[Start of section]

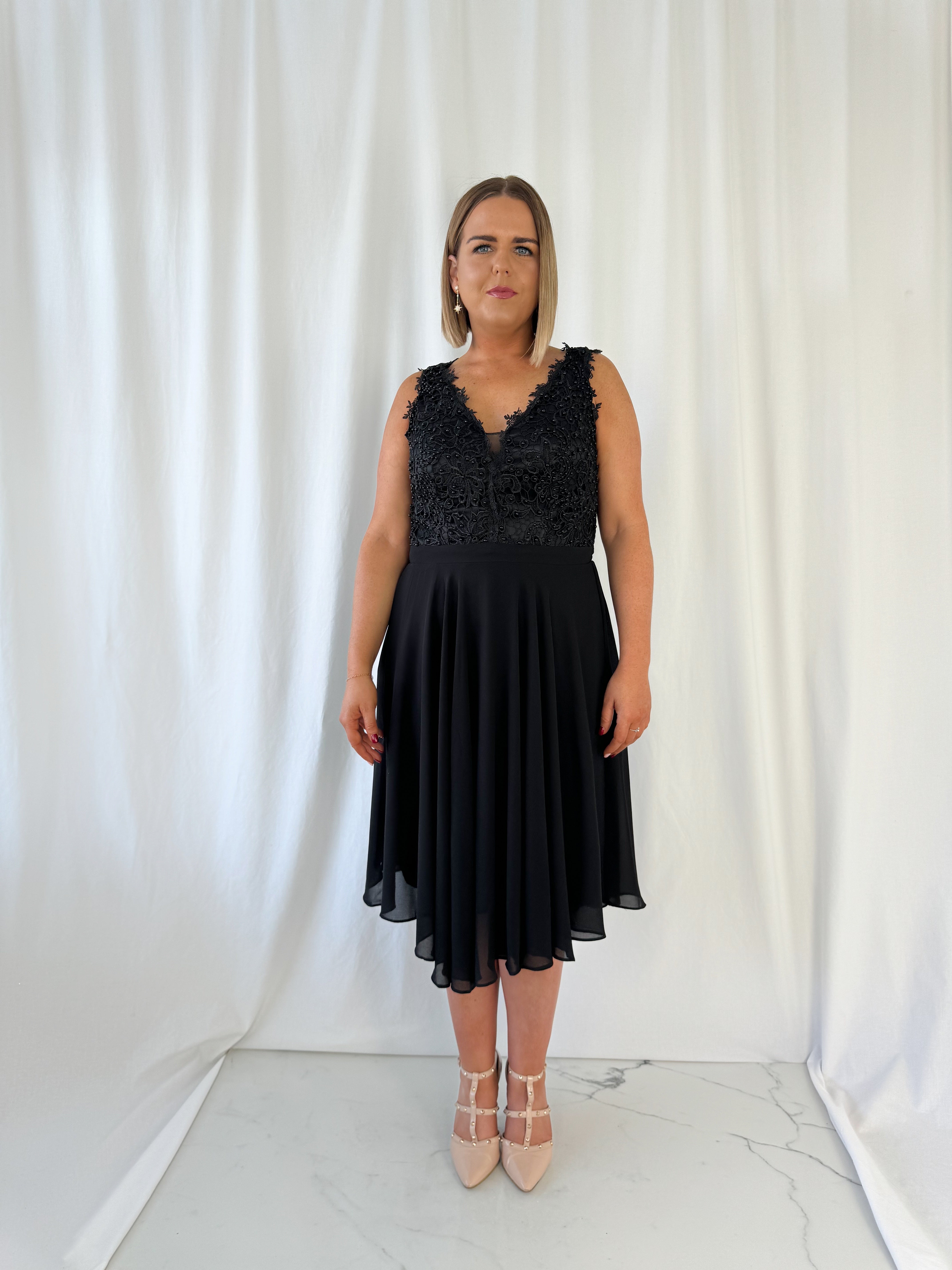 Mathie Embroidered Top Short Curve Dress – Black Lined Dress Open Back Model wears size 42 42 – UK14 44 – UK16 46 – UK18 48 – UK20 50 – UK22
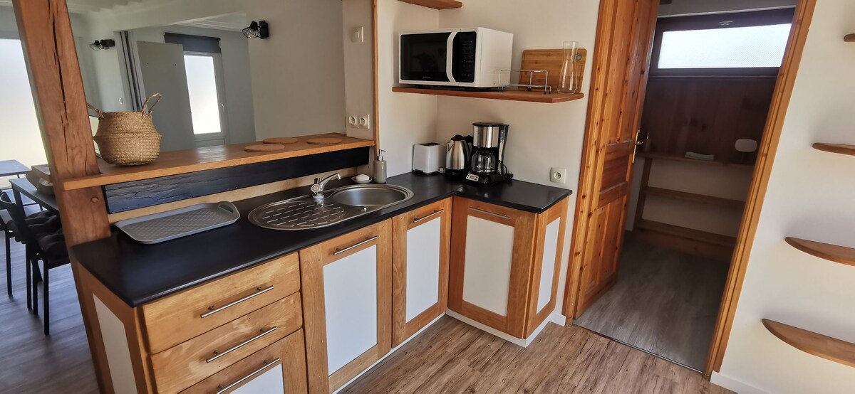 Kendi evimizin arazisinde bulunan bir stüdyo şeklinde, tarafımızdan yenilenmiş küçük dostane bir ev. - Konaklama yeri Deauville veya Le Havre'den 1: 15, Rouen veya Honfleur'den 1 saat uzaklıkta, Evreux'ye yakın, Normandiya'yı ziyaret etmek veya kırsal kesimde dinlenmek için mükemmel bir üs. Ayrıca bir Paris kaçamağına 13: 30 'da varacağız. - Bizi yeşil yoldan 4 km ayırır (Evreux/Bec - Hellouin) - ev dahil
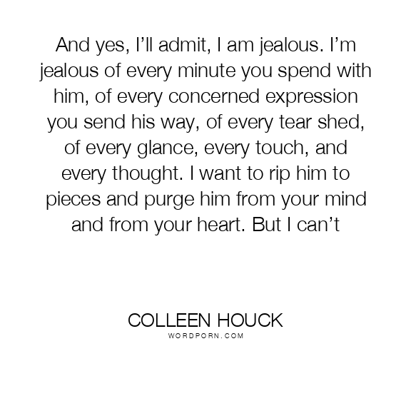 And yes, I’ll admit, I am jealous. I’m jealous of every minute you spend with him, of every concerned expression you send his way, of every tear shed, of every glance, every touch, and every thought. I want to rip him to pieces and purge him from your mind and from your heart. But I can’t
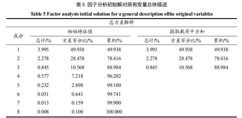 采用SPSS 25.0 主成分分析法,将数据标准化处理后,做因子分析,得到主成分的方差贡献表,根据软件给出的成分矩阵表,求出不同变量相应的主成分特征向量,特征向量和标准化数据的乘积即为变量的主成分负荷量,则不同样品的主成分得分可得。采用 SPSS 25.0 聚类分析法,将数据标准化处理后,采用系统聚类分析中沃德法得聚类谱系图。
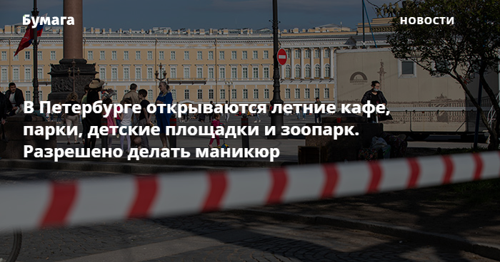 С воскресенья, 28 июня, в городе разрешено посещение парков, садов и скверов, а также детских и спортивных площадок. С понедельника, 29 июня, сможет открыться Ленинградский зоопарк, возобновляют регистрацию брака — их смогут посетить не более 10 человек.
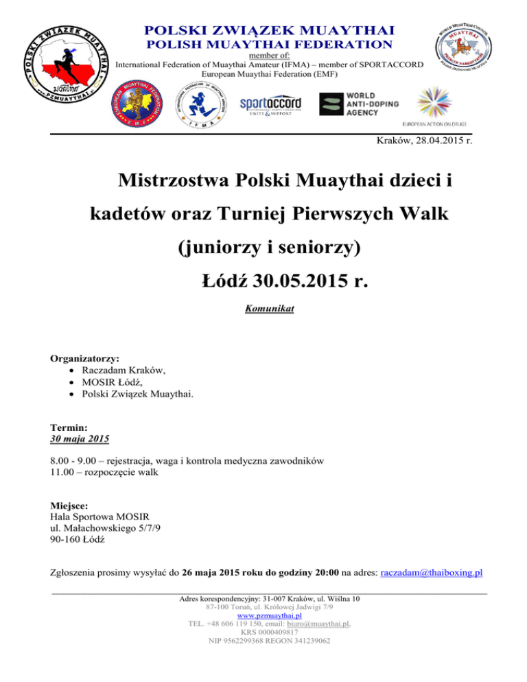 POLSKI ZWIĄZEK MUAYTHAI POLISH MUAYTHAI FEDERATION member of: International Federation of Muaythai Amateur (IFMA) – member of SPORTACCORD European Muaythai Federation (EMF) Kraków, 28.04.2015 r. Mistrzostwa Polski Muaythai dzieci i kadetów oraz Turniej Pierwszych Walk (juniorzy i seniorzy) Łódź 30.05.2015 r. Komunikat Organizatorzy: Raczadam Kraków, MOSIR Łódź, Polski Związek Muaythai. Termin: 30 maja 2015 8.00 - 9.00 – rejestracja, waga i kontrola medyczna zawodników 11.00 – rozpoczęcie walk Miejsce: Hala Sportowa MOSIR ul. Małachowskiego 5/7/9 90-160 Łódź Zgłoszenia prosimy wysyłać do 26 maja 2015 roku do godziny 20:00 na adres: [email protected] __________________________________________________________________________________ Adres korespondencyjny: 31-007 Kraków, ul. Wiślna 10 87-100 Toruń, ul. Królowej Jadwigi 7/9 www.pzmuaythai.pl TEL. +48 606 119 150, email: [email protected], KRS 0000409817 NIP 9562299368 REGON 341239062 Ilość miejsc na Turnieju Pierwszych walk z uwagi na odbywające się Mistrzostwa Polski dzieci i kadetów jest OGRANICZONA. Decyduje data zgłoszenia. Kontakt: Dawid Zięba 606-119-150 [email protected] Zgłoszenia: Zainteresowane startem kluby prosimy o zgłaszanie drogą mailową swoich zawodników, podając w mailu informacje według poniższego schematu: Mistrzostwa Polski Muaythai dzieci i kadetów oraz Turniej Pierwszych Walk (juniorzy i seniorzy) Imię i nazwisko - klub - kategoria wiekowa (oraz data urodzenia – KONIECZNIE!) - kategoria wagowa ilość stoczonych walk z dopiskiem Mistrzostwa Polski lub TPW UWAGA ! Podanie daty urodzenia jest obowiązkowe WAŻNE: 1. Sprzęt ochronny do walki zapewnia organizator. 2. Zawodnik musi posiadać - spodenki, koszulkę na ramiączkach (niebieską i czerwoną), ochraniacz krocza (metalowy), ochraniacz szczęki, bandaże bokserskie (bawełniane, zakaz używania plastrów!). Koszulki tylko na ramiączkach! ochraniacz krocza TYLKO METALOWE - wiązane (zgodnie z przepisami IFMA) obowiązkowy mongkom - WŁASNY (klubowy) Proszę pamiętać że warunkiem udziału w turnieju jest: - posiadanie książeczki sportowo-lekarskiej lub zaświadczenia od lekarza sportowego z aktualnymi badaniami z wpisem „zdolny do treningów i startów w zawodach w dyscyplinie muaythai”, - ubezpieczenie NNW z datą ważności pokrywającą się z datą turnieju, - w przypadku zawodników i zawodniczek niepełnoletnich podpisana zgoda rodziców do udziału w turnieju, - wypełniony formularz zgłoszeniowy (posiadany przy rejestracji), - w przypadku zawodników zrzeszonych posiadanie licencji na dany rok kalendarzowy (możliwość wykupienia na miejscu koszt 30zł/rok), - w przypadku zawodników niezrzeszonych wykupienie na miejscu licencji jednorazowej koszt 30 zł, - dokonana opłata startowa: 50 zł zrzeszeni / 100 zł niezrzeszeni Mistrzostwa Polski, 30 zł Turniej Pierwszych Walk, - w przypadku braku sędziego powołanego na zawody klub uiszcza opłatę w wysokości 100 zł. Poniżej link do formularzy, które należy mieć uzupełnione ze sobą w dniu ważenia i rejestracji do pobrania pliki Dla Juniora i dla Seniora. __________________________________________________________________________________ Adres korespondencyjny: 31-007 Kraków, ul. Wiślna 10 87-100 Toruń, ul. Królowej Jadwigi 7/9 www.pzmuaythai.pl TEL. +48 606 119 150, email: [email protected], KRS 0000409817 NIP 9562299368 REGON 341239062
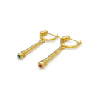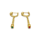 The 18K yellow gold baton hangs down from the ear and features a small stone on the bottom of each piece. One earring is adorned with a Ruby and the other with an Emerald.
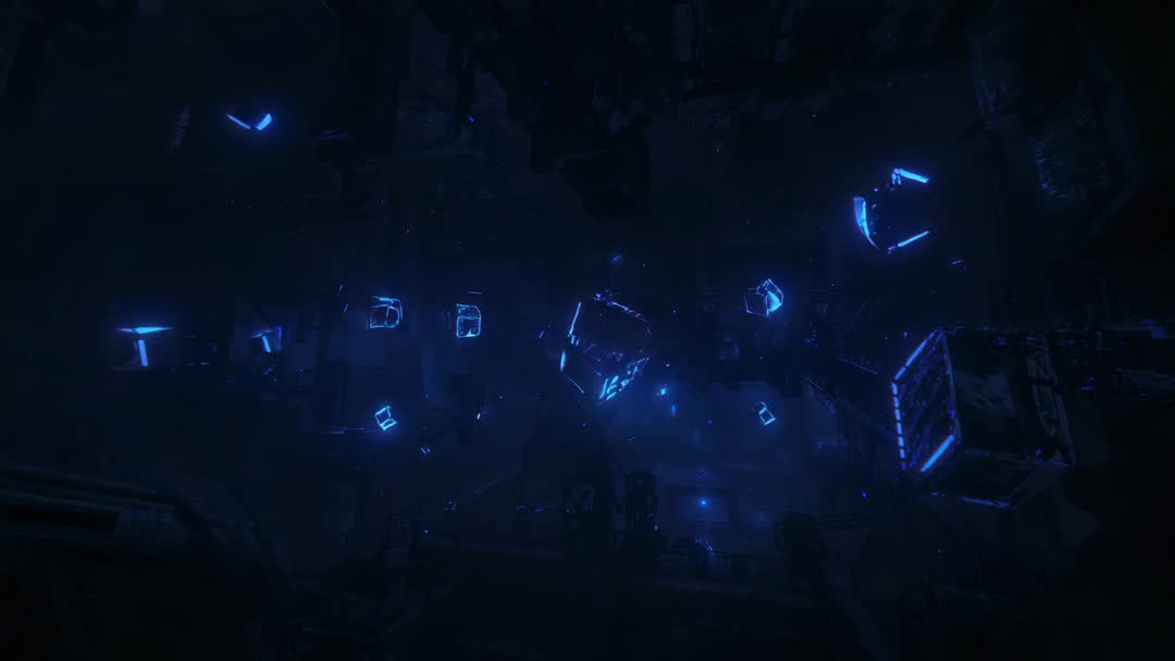 AI Generated Image. Pulsing central cube emitting cyan glow while smaller cubes rotating and aligning around core inside dark industrial chamber. Faint digital particles drifting through scene, neon edges and subtle bloom creating cinematic sci-fi mood. Strong contrast and deep shadows making vibrant cyan highlights pop. Ideal for background loop in tech product launch, UI hero banner, sci-fi trailer, game cinematic, VJ performance, electronic music visuals, corporate technology presentation. Pairing with color grading, glitch VFX, logo reveal overlays, lower third animations, title sequences. Seamless loop friendly, high resolution render suitable for 4K timelines, long form content, motion design projects. Including clear negative space for text or logo placement and multiple frames for cutting into edits.
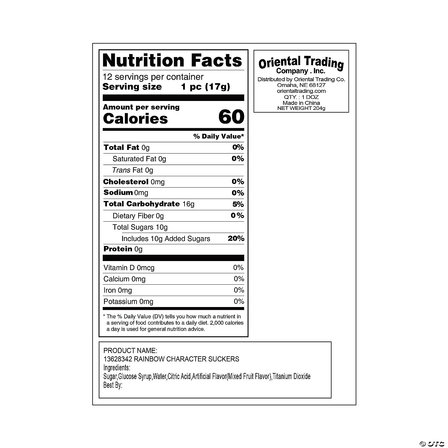 Somewhere over the rainbow there are delicious lollipops for everyone! Throwing a rainbow theme birthday party? Use these colorful suckers in your goody bags or leave them on tables to double as decorations! © OTC• Cherry flavored.• Individually wrapped. • Includes 2″ suckers on 4″ plastic sticks.• Total wt., 7 oz. • Assortment may vary. • Fat-free. • Candy is non-returnable. For more information, visit our “Return Policy” page located on our website. • Ingredient, nutrition, allergen and other product information are provided on our Web and Mobile sites for reference purpose only, without warranty or representation as to accuracy. Manufacturers adjust their labeling regularly and are solely responsible for the accuracy of the information. For general questions concerning these items, please contact our customer service at 800-228-0475.
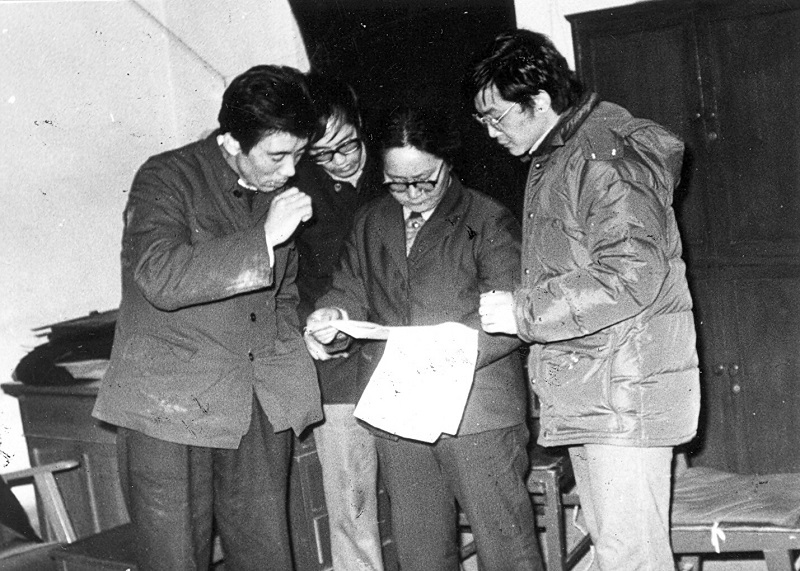 (1984年,江世雄同导83进修班学生研究拍摄方案
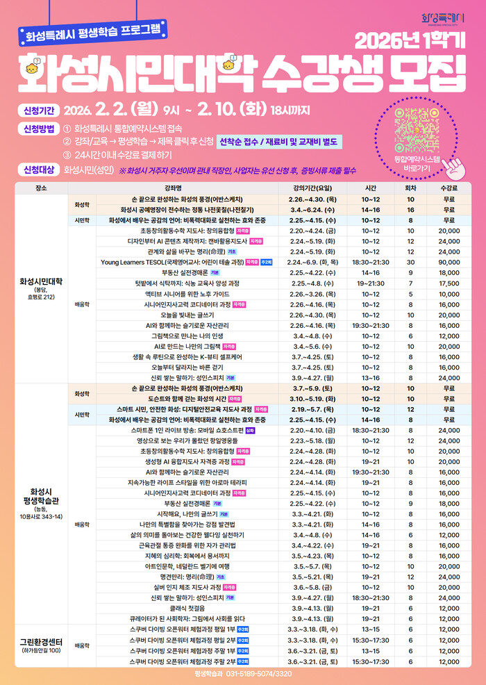 | ▲ 2026년 1학기 화성시민대학 수강생 모집 안내문 /자료제공=화성특례시 |
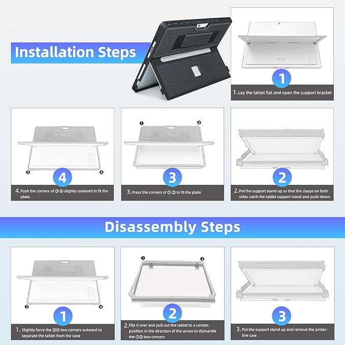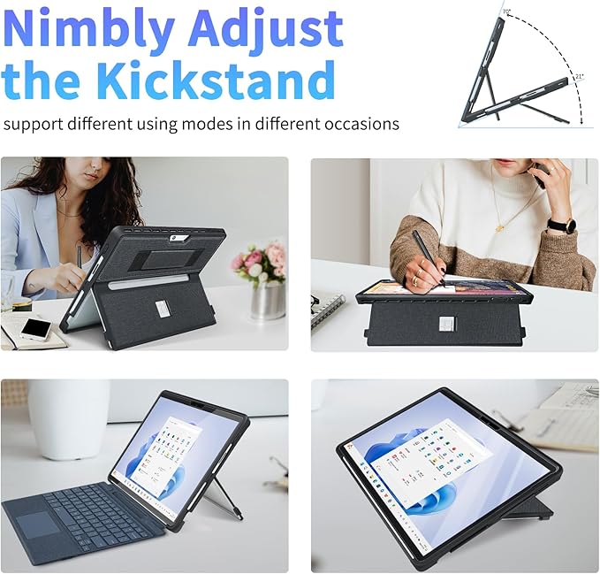 - 【COMPATIBILITY】Upgraded cover to an all-in-one case so you don't have to worry about the back cover falling off. Designed for Microsoft Surface Pro 11, Surface Pro 10, Surface Pro 9, and Surface Pro 8 13-Inch with precise cutouts. It provides easy access to all controls. Be sure to check the tablet model number before purchasing
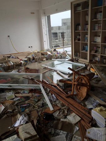 據(jù)臺(tái)灣東森新聞報(bào)道,強(qiáng)臺(tái)風(fēng)“尼伯特”清晨從臺(tái)東太麻里登陸臺(tái)灣,對(duì)臺(tái)東地區(qū)造成嚴(yán)重?fù)p害。臺(tái)東大學(xué)教授魏俊華上午分享家里的受損情形:家中的落地窗連框帶玻璃整片被掀開,3樓的書柜直接被吹飛到1樓,他的教科書和學(xué)生的畢業(yè)論文現(xiàn)在都在稻田里“泡湯”:“到底是臺(tái)風(fēng)還是地震?真是欲哭無(wú)淚。”
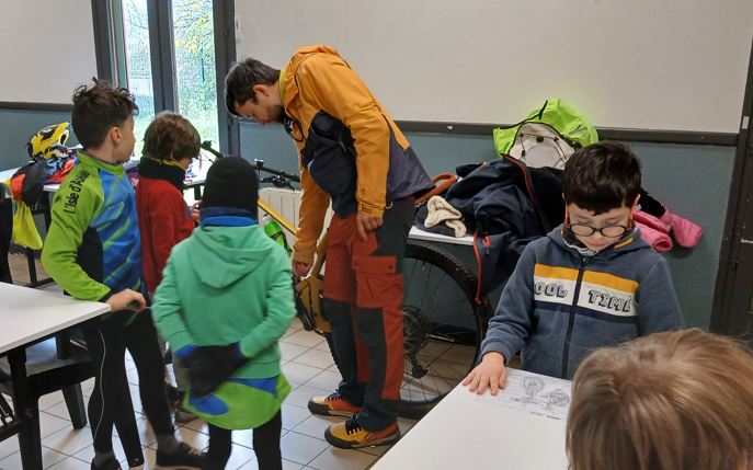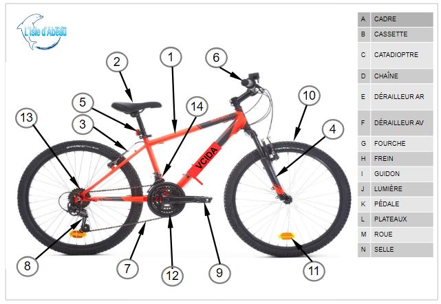Initiation qui débute par le repérage et le nommage des différents composants du vélo.
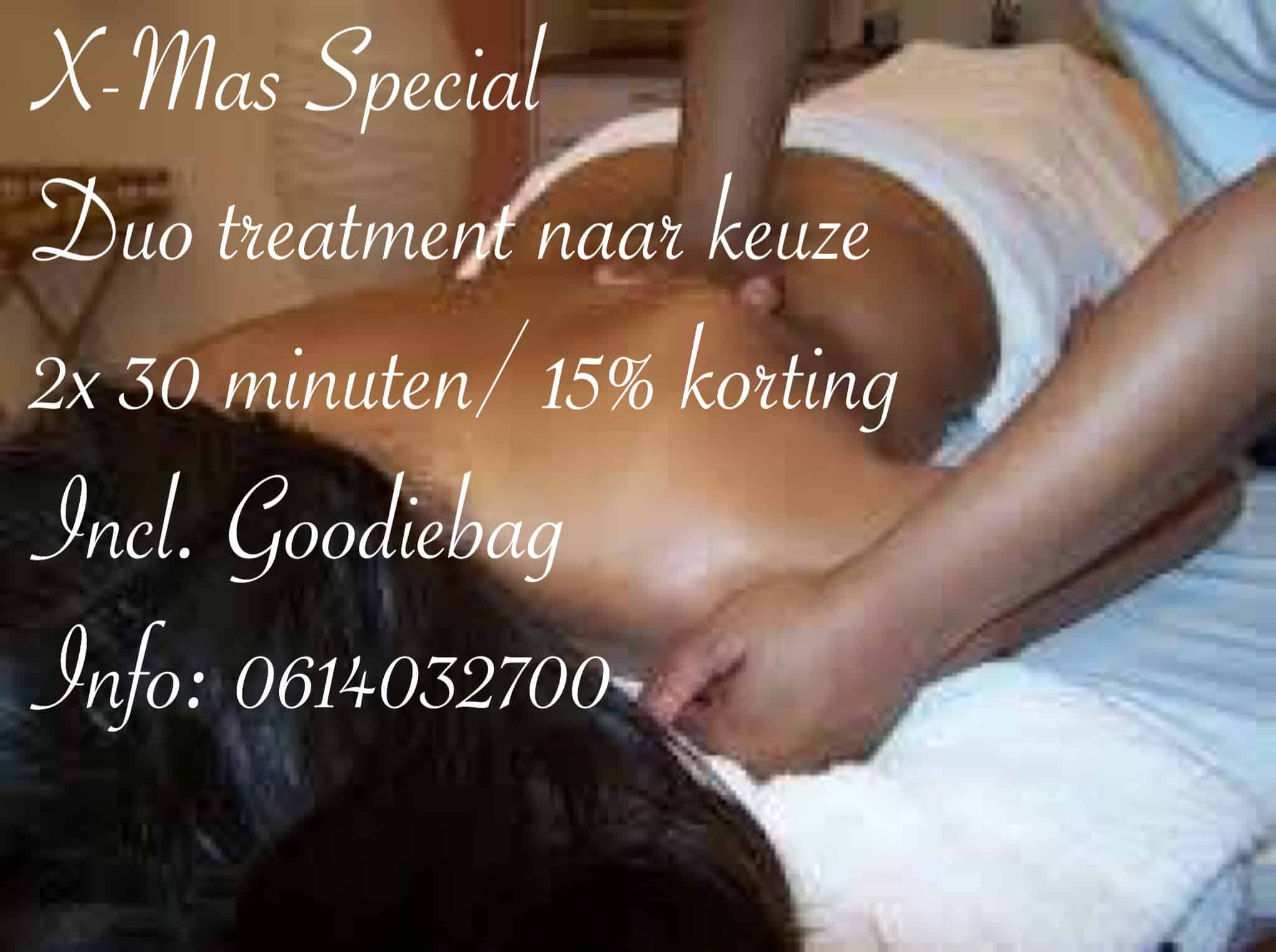 Keuze uit: massage rug/nek/schouders, voetreflexologie, Gezichtsreflexologie, basis facial of pedicure. Jullie worden na de behandeling verwend met een fruit hapje en een goodiebag.  Boeken voor 23, 24 en beide kerstdagen op uiterlijk vrijdag 21 december
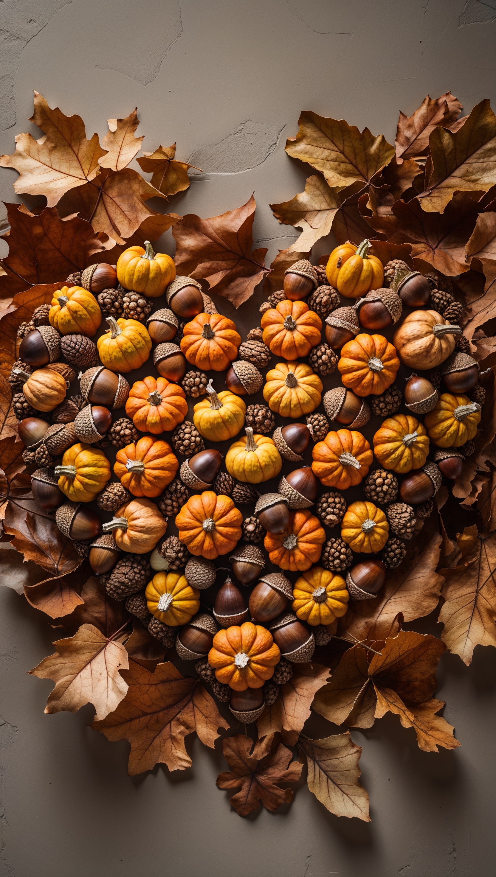 1664x2944 Heart shape made of acorns and mini pumpkins on dry leaves
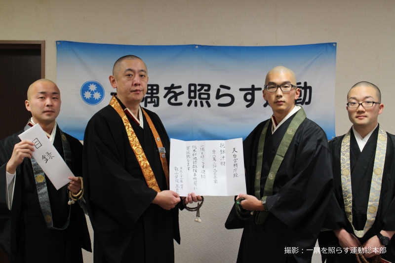 令和7年1月31日、叡山学院生4名、米田瑞徳さん(総合学科3年)、大川戸仁泰さん(総合学科2年)、宇野光俊さん(研究学科1年)、野﨑良継さん(研究学科1年)が来庁し、寒行托鉢にて寄せられた浄財を「令和6年能登半島地震災害および豪雨災害義援金」として一隅を照らす運動荒樋勝善総本部長へ手渡した。
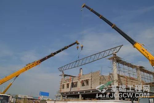 3.雨后吊装时,应首先检查吊车本身的稳定性,确认吊车本身安全未受到雨水破坏时再做试吊。将构件吊至1m左右,往返上下数次稳定后再进行吊装工作。

[End of section]

■ What to produce ■
"據(jù)臺(tái)灣東森" marks the first line to copy, and "Initiation qui débute" marks the last. Repeat that stretch above exactly, with no pictures.

■ Written answer ■
 據(jù)臺(tái)灣東森新聞報(bào)道,強(qiáng)臺(tái)風(fēng)“尼伯特”清晨從臺(tái)東太麻里登陸臺(tái)灣,對(duì)臺(tái)東地區(qū)造成嚴(yán)重?fù)p害。臺(tái)東大學(xué)教授魏俊華上午分享家里的受損情形:家中的落地窗連框帶玻璃整片被掀開,3樓的書柜直接被吹飛到1樓,他的教科書和學(xué)生的畢業(yè)論文現(xiàn)在都在稻田里“泡湯”:“到底是臺(tái)風(fēng)還是地震?真是欲哭無(wú)淚。”
Initiation qui débute par le repérage et le nommage des différents composants du vélo.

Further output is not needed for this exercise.